Your child’s surgeon will remove pieces of skull that are next to any fused sutures.
Next, they’ll use special tools to reshape those skull pieces, and then reattach them to the skull.
Finally, they’ll insert dissolvable plates or stitches. These will help hold all the pieces in place until the skull bones knit back together.

Some babies, especially those with genetic syndromes, may need additional surgery later in life. That’s because premature fusions caused by a gene mutation can happen again.
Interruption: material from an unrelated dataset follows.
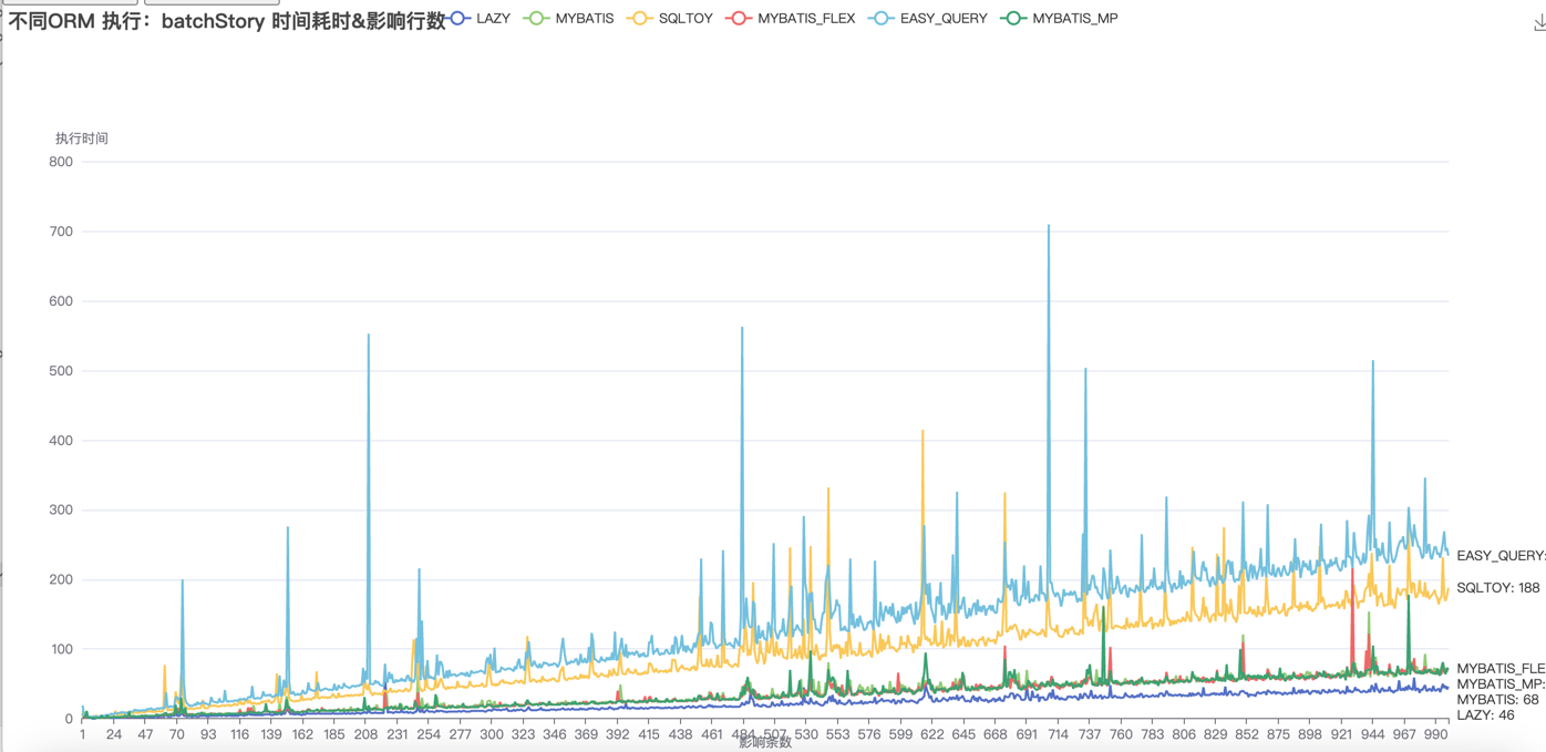 - 十万数据时,处理时间由快到慢依次是: lazy、mybatis-flex、mybatis-mp、mybatis、easy-query、sqltoy

And some genetic conditions cause other head and face abnormalities that also need correction.

When we use open surgery

Cranial vault reconstruction is an option for many patients, including:

Children of any age—including newborns—who have several fused sutures.
Children older than 4 months old, no matter what type of craniosynostosis they have.
Children who need multiple corrections at the same time. For example, if we need to reshape the back of the skull along with an eye socket, we can do this in a single procedure.

A team approach

When you choose UI Health Care, your child will receive care from a team of experts in multiple specialties. Each team member has the skill and experience it takes to treat even the most rare or severe types of craniosynostosis.

Your child’s neurosurgeon may partner with one or more of the following pediatric specialists:

Genetic counselor who will teach you about the genetic testing process and help you understand your child’s test results

Ophthalmologist who can assess and treat problems with the eye muscle or eye growth

Otolaryngologist who helps operate on delicate areas inside the head and neck

Plastic and reconstructive surgeon who can correct facial abnormalities

Craniosynostosis that is severe (or caused by a genetic disorder) can cause problems with thinking and learning. If your child needs help reaching a developmental milestones, we also offer pediatric psychology, rehabilitation, and other support services.